((

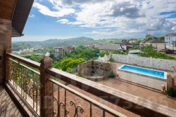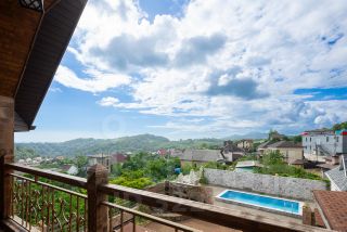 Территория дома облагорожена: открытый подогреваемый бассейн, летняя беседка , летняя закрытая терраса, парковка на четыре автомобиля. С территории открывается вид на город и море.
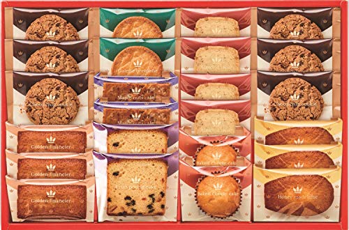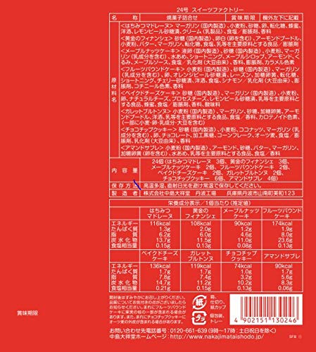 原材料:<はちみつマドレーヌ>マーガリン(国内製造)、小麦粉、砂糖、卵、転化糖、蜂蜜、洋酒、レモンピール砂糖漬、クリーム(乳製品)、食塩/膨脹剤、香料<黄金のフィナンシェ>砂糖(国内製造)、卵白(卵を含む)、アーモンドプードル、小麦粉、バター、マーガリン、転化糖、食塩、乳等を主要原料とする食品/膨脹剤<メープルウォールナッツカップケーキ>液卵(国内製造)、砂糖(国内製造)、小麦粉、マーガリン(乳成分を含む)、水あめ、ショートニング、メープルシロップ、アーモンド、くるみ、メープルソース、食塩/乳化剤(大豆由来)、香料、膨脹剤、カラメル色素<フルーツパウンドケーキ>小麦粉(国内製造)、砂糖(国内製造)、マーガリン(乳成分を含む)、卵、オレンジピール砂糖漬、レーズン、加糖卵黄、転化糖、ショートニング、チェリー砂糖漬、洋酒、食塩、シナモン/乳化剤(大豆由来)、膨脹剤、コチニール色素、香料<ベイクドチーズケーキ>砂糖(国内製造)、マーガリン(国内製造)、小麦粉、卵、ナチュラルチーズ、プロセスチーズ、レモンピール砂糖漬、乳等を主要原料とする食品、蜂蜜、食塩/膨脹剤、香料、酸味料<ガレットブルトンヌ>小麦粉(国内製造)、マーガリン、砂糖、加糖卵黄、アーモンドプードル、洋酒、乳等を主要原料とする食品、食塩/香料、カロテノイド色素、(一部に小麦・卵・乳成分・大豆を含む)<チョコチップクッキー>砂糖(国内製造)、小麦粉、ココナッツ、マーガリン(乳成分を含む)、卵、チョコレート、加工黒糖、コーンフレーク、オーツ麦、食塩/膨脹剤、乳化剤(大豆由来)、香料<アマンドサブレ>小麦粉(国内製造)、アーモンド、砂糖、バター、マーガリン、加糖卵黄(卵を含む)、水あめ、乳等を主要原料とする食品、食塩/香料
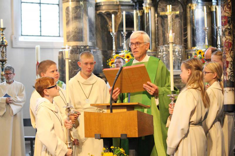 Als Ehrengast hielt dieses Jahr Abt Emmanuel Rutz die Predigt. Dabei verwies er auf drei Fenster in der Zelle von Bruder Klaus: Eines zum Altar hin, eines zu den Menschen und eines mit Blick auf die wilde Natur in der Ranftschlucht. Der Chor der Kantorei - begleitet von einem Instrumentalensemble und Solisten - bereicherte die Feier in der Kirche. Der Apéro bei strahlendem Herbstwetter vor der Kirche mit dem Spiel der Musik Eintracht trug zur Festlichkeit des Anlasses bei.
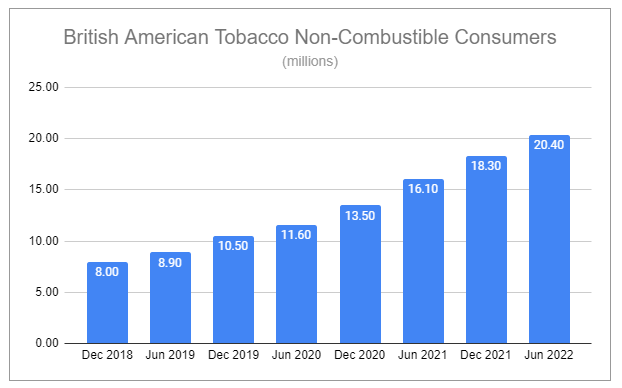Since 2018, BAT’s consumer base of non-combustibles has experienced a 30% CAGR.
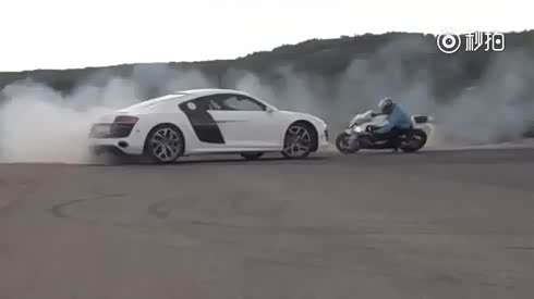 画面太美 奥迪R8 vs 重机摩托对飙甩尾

))

WHAT TO PRODUCE: The required answer is an exact copy of the lines from the one containing "Since 2018, BAT’s" through the last line of the material, with the pictures removed.

TASK ANSWER:
Since 2018, BAT’s consumer base of non-combustibles has experienced a 30% CAGR.
 画面太美 奥迪R8 vs 重机摩托对飙甩尾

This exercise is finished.